# Help! Puppy hates restraint..very vocal and physical!



## ponyfarm (Apr 11, 2010)

Max is three months old now. He has not liked being picked up or held from day one. I always carry him down the stairs and he cries and thrashes, bites. He is getting better..just some whining while being held now while going down the stairs

When we try to lay him on his side, or back, or restrain him for nail trimming.(one paw at a time)..he freaks out! Thrashing, screaming, biting! Sounds horrible..we have tried to wait it out..he eventually whimpers and then starts again.He will not settle. I have tried just restraining him for a brief hold, then play. I have tried a brief hold and click /treat for good behavior. Nothing seems to work and now when he thinks I am sitting down for restraint work..not just toys.he tries to scurry away ...the last thing I want. 

He was great at puppy school for his first day..walked in like he owned the place. Had great focus.only.barked a couple times at the other pups and went about his business.He did have a barking at other dogs issue going, but we have worked on distraction with toys/treats and that has diminished. He was very confident and calm in class.. He was very good!...Until..we tried to do any type of restraint..he doesnt mind leash restraint..just plain old physical restraint!He was So loud..I think he scared the labradoodle owners..lol!!

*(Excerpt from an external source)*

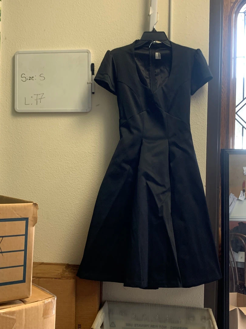 Notes: This dress is marked as Small, but fits closer to an XS, and the structured fabric has very little stretch
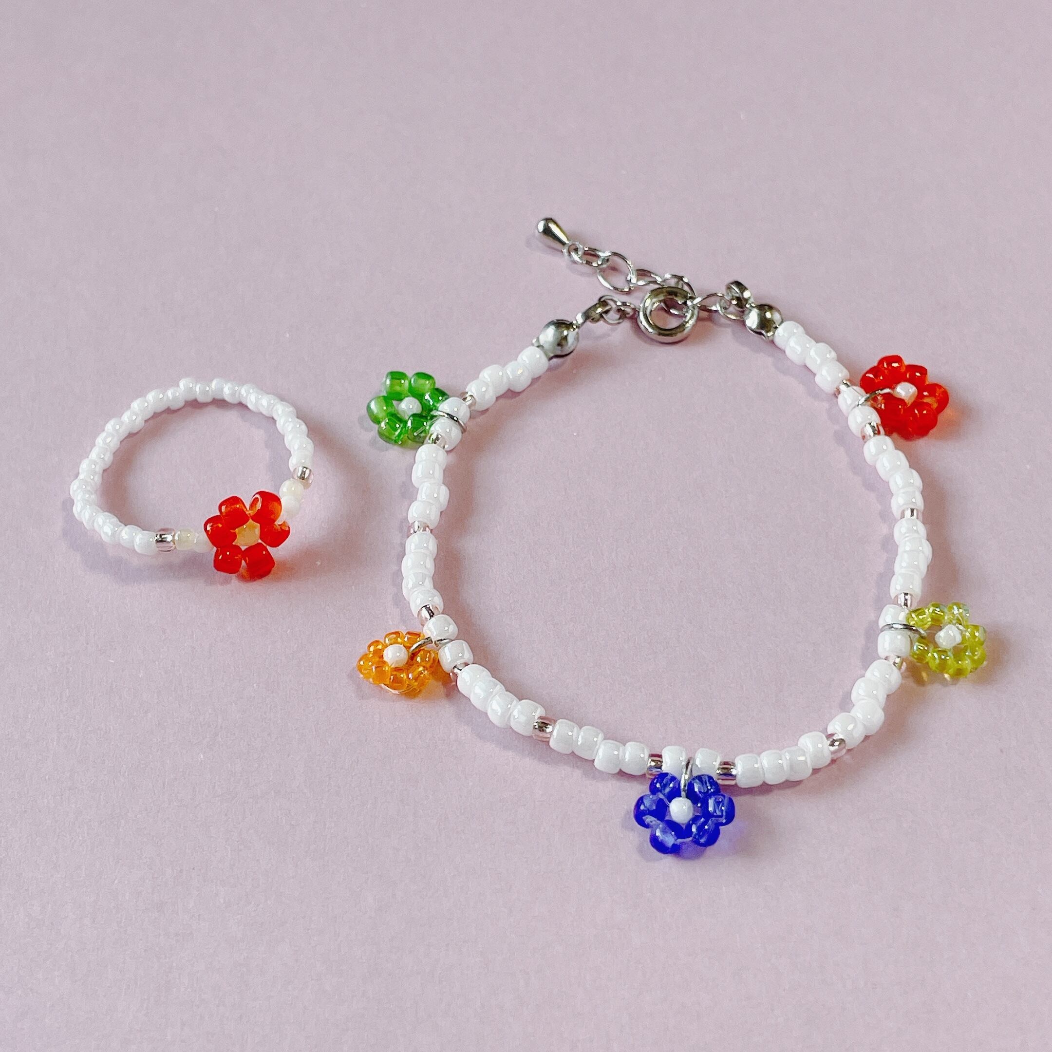 カラフルで小さいお花がちりばめられたブレスレットとリングのセットです♡

Any suggestions..what has worked for others?


----------



## msvette2u (Mar 20, 2006)

Don't try to lay him on his side or back! That will work.

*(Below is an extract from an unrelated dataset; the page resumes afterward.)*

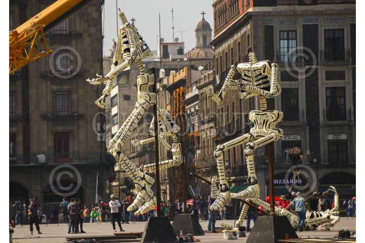 CIUDAD DE MÉXICO. 25OCTUBRE2024.- Trabajo de la Mega Ofrenda que se instalará en el Zócalo de la Ciudad. Disfraces máscaras, todo tipo de objetos para la celebración de día de muertos. FOTO: VICTORIA VALTIERRA/CUARTOSCURO.COM

Restrain with him upright. Stop making him feel so insecure, "love" him into restraint after a long bout of playing when he's already relaxed.


----------



## ponyfarm (Apr 11, 2010)

msvette2u said:


> Don't try to lay him on his side or back! That will work.
> 
> Restrain with him upright. Stop making him feel so insecure, "love" him into restraint after a long bout of playing when he's already relaxed.

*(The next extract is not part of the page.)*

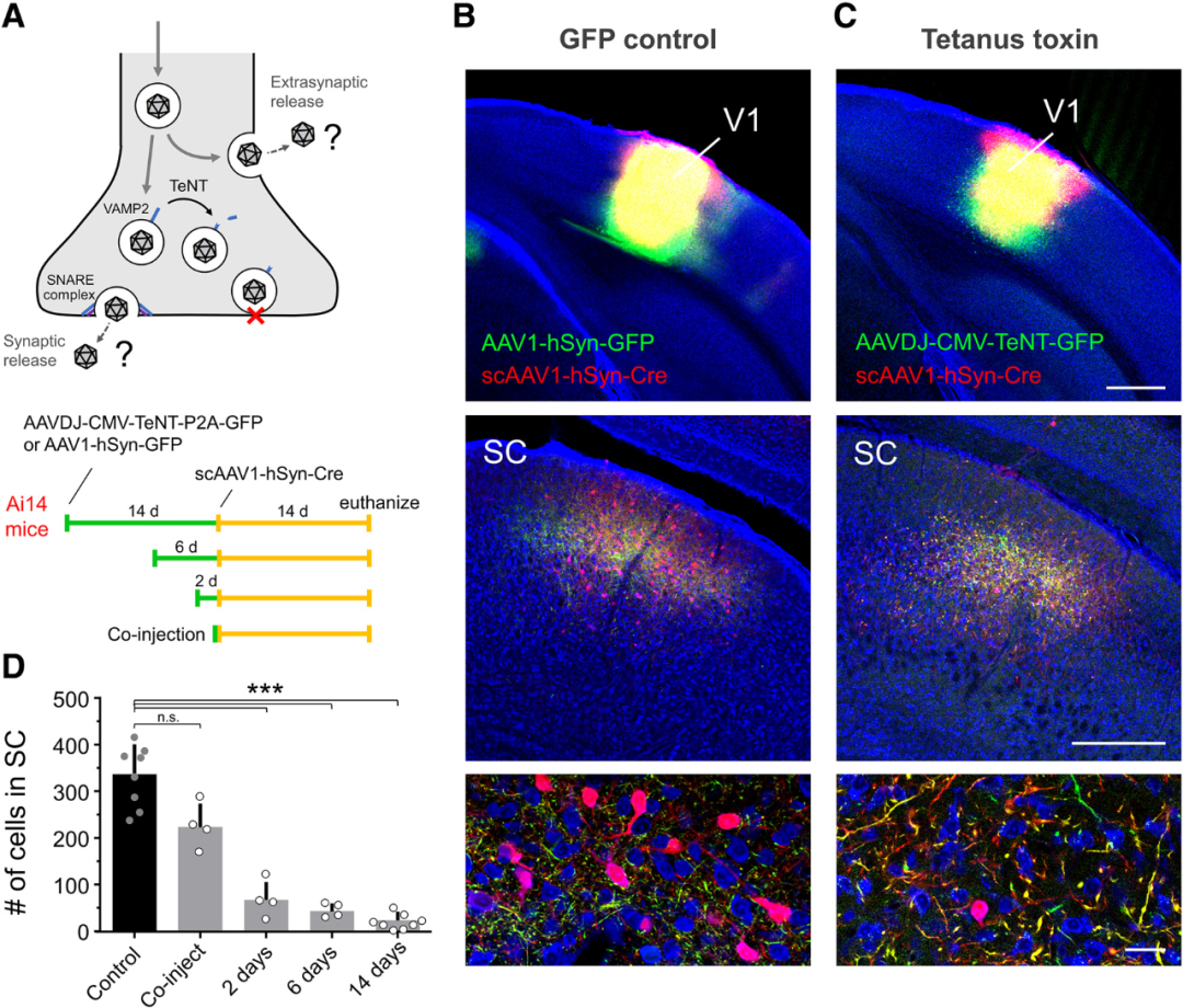 作者探究了AAV1從突觸末端釋放的機理(見下圖)。將AAVDJ-CMV-TeNT-P2A-GFP ( AAV1-hSyn-GFP 作為對照) 注射入Ai14小鼠的初級視覺皮層V1。14天后在同一腦區注射入scAAV1-hSyn-Cre,并在2周后檢測上丘SC中 tdTomato+細胞數目。結果顯示:TeNT組跨突觸標記tdTomato +細胞數目較對照組減少約94%。TeNT可通過切割VAMP2從而完全阻斷Ca2+誘發的突觸囊泡融合和神經遞質的釋放,從而證實了AAV的傳導明顯依賴于突觸囊泡的釋放。

He fights the upright restraint too! I do think I will stop with the laying down for now, although I do want him to be able to work up to that skill. We try the whole cuddle thing..it works soo soo. Def a work in progress on that. He will lay flat , put his head flat on the ground with clicker, but if I touch him he jumps up.

Maybe he is too young for this? I just dont want an 80 lb dog that cant be handled at the vet, or be groomed, or have nails trimmed etc.


----------



## Elaine (Sep 10, 2006)

Stop carrying him. Most puppies don't like it and don't need it. If you feel the need, put a leash on him to slow him down going down the stairs, but, otherwise, let him do it himself.


----------



## msvette2u (Mar 20, 2006)

It is good to restrain him but the stuff on the back and sides have made him distrustful of you.
Some dogs just don't like it, and dogs who don't mind still have to TRUST YOU before they'll expose themselves like that.

So - playplayplay, happy puppy, then snuggle with him and work him into being still. Don't let him get frustrated and overwhelmed by the restraint, REBUILD the trust.


----------



## Wolfiesmom (Apr 10, 2010)

How big is his crate? When Wolfie was a puppy and hated his nails done, I used to get in his crate with him and shut the door. There was no where for him to go and he had no choice but to let me cut his nails. Now, when he sees the clippers, he sits and gives me his paw without hesitation.


----------



## Cassidy's Mom (Mar 30, 2003)

This is how we worked on gentle restraint in Halo's puppy class: 










We cradled them in our laps and fed treats while playing with their feet, their ears, their tail, touching their tummies and their muzzles. She didn't always like it either, but I waited until she stopped struggling to release her. Eventually she learned to be calm and accept it. Handling desensitization is a very good thing to work on, your vet will thank you one day!


----------



## Anitsisqua (Mar 25, 2012)

Gabe does the same. He screams his little head off like I'm killing him. But I just try to hold him gently and ignore it until I'm done with his nails or whatever. I won't let him go until he calms down, and he always does.


----------



## msvette2u (Mar 20, 2006)

> We cradled them in our laps and fed treats while playing with their feet, their ears, their tail, touching their tummies and their muzzles. She didn't always like it either, but I waited until she stopped struggling to release her. Eventually she learned to be calm and accept it. Handling desensitization is a very good thing to work on, your vet will thank you one day!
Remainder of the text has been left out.